Понравился. Ей тоже было что предложить: тридцать лет, медсестра, красавица - в молодости участвовала в конкурсе "Мисс Кривой Рог".  Хорст Братц приехал к ней на встречу в Киев. Поселился в бюджетной гостинице на левом берегу, отдельного номера для нее не оплатил, позвал на ночь к себе. Ночью все было, мягко говоря, не очень, но оно и понятно - жених ведь на год старше ее собственного папеньки, Григория Миколайчука, металлурга  с "Криворожстали", который отдал Богу душу в неполные сорок пять лет. Мать считала, что всему виной длинные майские выходные - как начал отмечать первого числа, так до девятого и не просох. А на День Победы поднес стопку, опрокинул, да и сам одновременно опрокинулся. Мать выла, злилась: "Что ж ты натворил, бисова душа, чертяка хренов? От жеж зараза! И как теперь прикажешь тебя хоронить? За какие шиши?"

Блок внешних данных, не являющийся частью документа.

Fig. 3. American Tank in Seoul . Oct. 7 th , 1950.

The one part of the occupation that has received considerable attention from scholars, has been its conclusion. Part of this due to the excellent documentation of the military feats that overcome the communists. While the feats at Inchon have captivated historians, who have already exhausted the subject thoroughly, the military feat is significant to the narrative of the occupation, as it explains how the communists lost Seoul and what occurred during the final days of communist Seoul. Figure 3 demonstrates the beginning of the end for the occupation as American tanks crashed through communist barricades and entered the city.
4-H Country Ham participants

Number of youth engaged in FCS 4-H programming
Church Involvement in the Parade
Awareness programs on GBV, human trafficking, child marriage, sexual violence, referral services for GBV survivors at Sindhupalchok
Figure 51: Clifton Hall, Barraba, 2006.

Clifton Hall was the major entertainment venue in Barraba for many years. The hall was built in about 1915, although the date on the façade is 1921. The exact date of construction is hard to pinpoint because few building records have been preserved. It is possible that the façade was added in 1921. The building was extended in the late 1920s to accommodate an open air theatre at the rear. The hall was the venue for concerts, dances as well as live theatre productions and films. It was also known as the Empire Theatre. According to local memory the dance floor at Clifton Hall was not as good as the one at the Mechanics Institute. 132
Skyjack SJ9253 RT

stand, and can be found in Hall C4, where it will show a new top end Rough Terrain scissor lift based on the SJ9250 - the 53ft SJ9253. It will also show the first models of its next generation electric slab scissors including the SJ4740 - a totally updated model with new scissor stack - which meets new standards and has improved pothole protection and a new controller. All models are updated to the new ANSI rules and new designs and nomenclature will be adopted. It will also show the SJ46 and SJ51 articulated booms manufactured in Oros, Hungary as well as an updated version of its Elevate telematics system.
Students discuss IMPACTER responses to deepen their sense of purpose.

Худо-бедно проводили. Елизавета твердо решила, что будет искать себе мужа, ни в чем не похожего на отца. Потому и Цуцику дала от ворот поворот. Потому и на Хорста согласилась. Записалась на интенсивный курс немецкого языка, оформила визу и приехала  в маленький, но продуманный немецкий дом. С камином, коротеньким зеленым газоном и вежливыми соседями. Научилась вести книгу расходов: "паркинг - два евро, батарейки для пульта - шесть евро пятьдесят центов, босоножки - восемнадцать евро шестьдесят девять центов". Устроилась на работу санитаркой в хоспис... Жизнь устоялась, вошла в ровную колею: после работы домой. Ужин - просчитанный, ровно такой, чтобы откусить, прожевать и проглотить именно столько, сколько положено. Уборка кухни и  мытье посуды с моющим средством из дозатора. А потом - к себе в комнату, к ноутбуку. И запрос в поисковик: "Русскоязычный психолог в Лейпциге"

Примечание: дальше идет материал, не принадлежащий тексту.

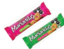
Marianitas 20/6.5oz 1 Pecan - BKR055 2 Coconut - BKR049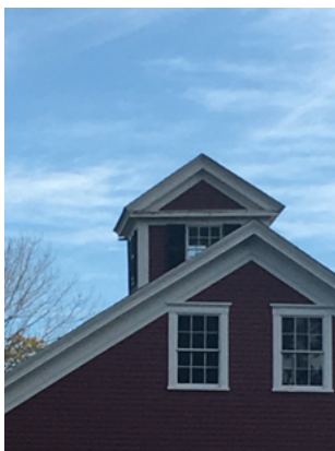
Two Acton Center examples of barn cupolas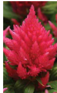
Ice Cream Pink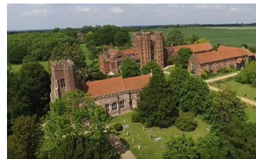
Layer Marney Outdoors, Located near Colchester, Essex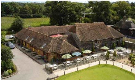
The Oak Barn Restaurant

The BHBPA AGM will be held on Wednesday morning March 26th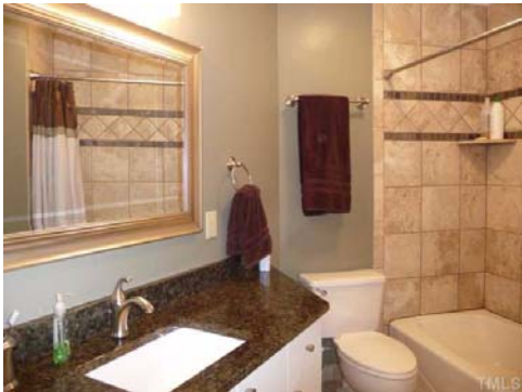
On the main level, the remodeled guest bath, with tile floors and surround, is also privately accessible from an adjacent bedroom.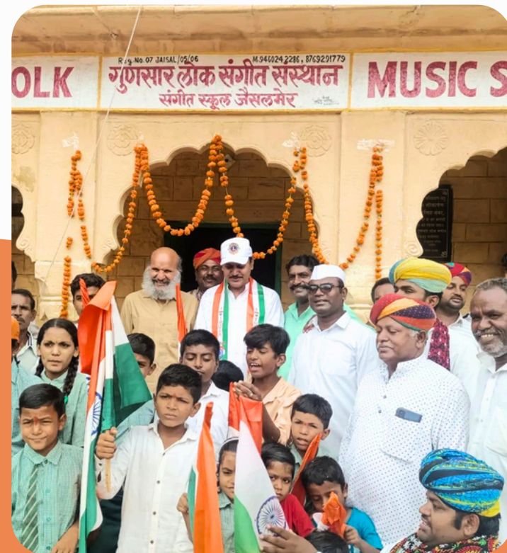
Globally renowned music school in the heart of the city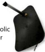
Extended distance sensor

Но в Лейпциге русских нет. Как назло. Может, немецкому позвонить? "Здравстуйте, меня зовут Элизабет Братц. Запишите меня на сеанс. Мне нужно рассказать вам кое-что важное!" Корявым, ломаным языком своим...

Только немецкий психолог ни хрена ее не поймет. У него у самого рациональный дом с камином, мыло с дозатором и две, но добротные пары туфлей на полке в гардеробе. И джем съедается до последнего милиграмма, и свет в ванной зря не горит.  Немецкий психолог выслушает ее за деньги, а сам подумает: "О майн Гот! Как же вас здесь много! Цу филь. По стране ходит огромная масса иммигрантов и беженцев,  голодных и злых, которым не за что и некуда выехать. Что, черт  возьми, надо этой странной русской?"

***
У Светки появился скайп. Но это совсем не то. Не так, как на кухне за расшатанным столом. Вроде и собеседник правильный. И лицо видно, и свое можно показать, а все равно - не оно.

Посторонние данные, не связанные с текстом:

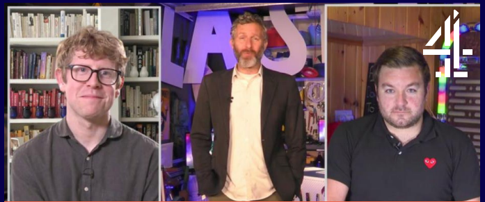
The Last Leg: Locked Down Under - Friday 10pm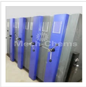
Mobile Compactor Shelving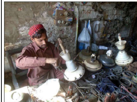
FAISALABAD: Workers cutting iron boilers on Maqbool Road, in the city.

Bilal Yasin said that providing all possible relief to the people was the first priority of the government.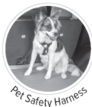
Pet Safety Harness

Enhance your pet's life with additional pet products on WeatherTech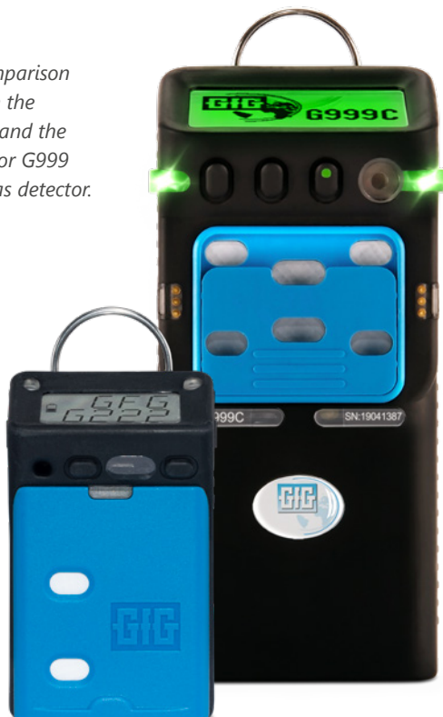
Size comparison between the Micro 5 and the Polytektor G999 multi-gas detector.

« Certified for use in underground operations. »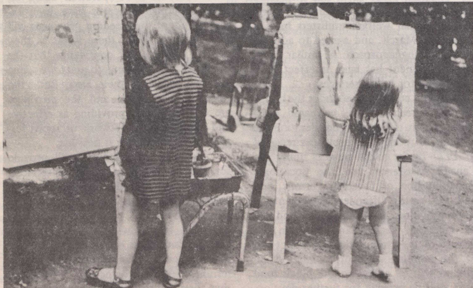
Working parents and budding artists depend on day-care centres.

The first results from the survey should be available in 1979, with yearly reports thereafter.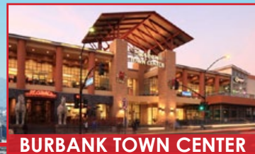
BURBANK TOWN CENTER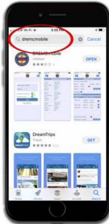
Type DREMCmobile in the search bar.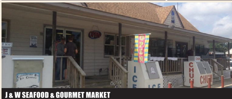
J & W SEAFOOD & GOURMET MARKET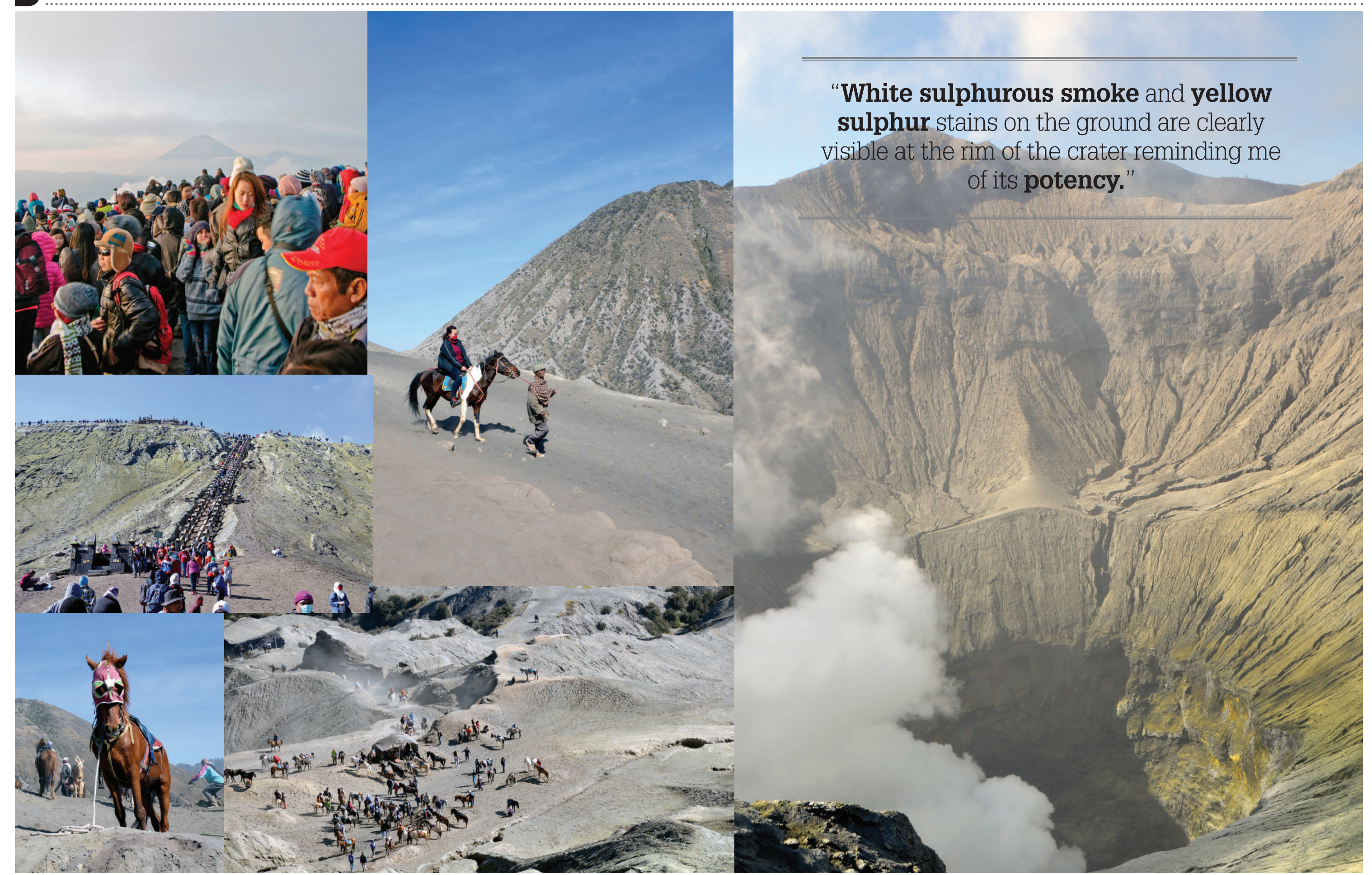
www.asianjourneys.com.sg | April/May 2016 AsianJourneys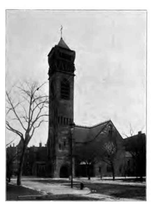
THE FIRST BAPTIST CHURCH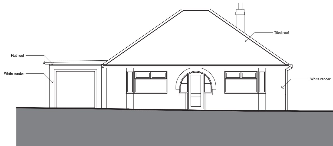
1 Existing North West Elevation 1:100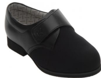
A practical shoe that ticks all the boxes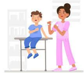
Grade 9 Immunization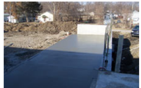
Start of the new dock area

Елизавета первым делом спросила Светку про Цуцика.

- Видела твоего Цуцика на днях,  возле гастронома монтылялся.

- И как он выглядит?

- Да никак. Гнилой баклажан. Старый потасканный кнур в пальто!

- Разве он старый? Ему ведь сорок только, - удивилась Елизавета

- А какой - новый, что ли? Бухает, трындит - все как обычно. Ладно, что у тебя-то?

- Да все потихонечку. Работа интересная, коллектив дружный. Город красивый, ухоженный, соседи очень приятные. Дом у нас классный, с камином. Это, конечно,  не Кривой Рог!

- Дедуган твой как, жив еще?

Елизавета проглотила слюну и почему-то рассказала, что у Хорста отменное здоровье,  бодрое настроение и замечательное чувство юмора. А самое главное, щедрая и чистая душа.

- ... босоножки мне купил, дорогие. Я его даже отругала: ну куда мне еще одни, и так в шкафу не помещаются! Скоро надо будет отдельный гардероб для обуви ставить, как у Селин Дион... Завтра вышлю тебе фотки.

- Ты мне лучше денег вышли. А то, я смотрю, тебе их девать некуда.

- И денег вышлю, если надо, - самозабвенно врала Елизавета.

***
Попрощались.

Нажала на отбой... Продолжительность беседы составила, оказывается, 12 минут 40 секунд.

"Оцените качество разговора," - нахально предложил скайп. "Отвратительное," -  машинально отметила Елизавета, и потом еще долго-долго смотрела на бездушный пустой экран ноутбука.

А за стеной, в соседней комнате, за таким же ноутбуком сидел ее муж Хорст Братц.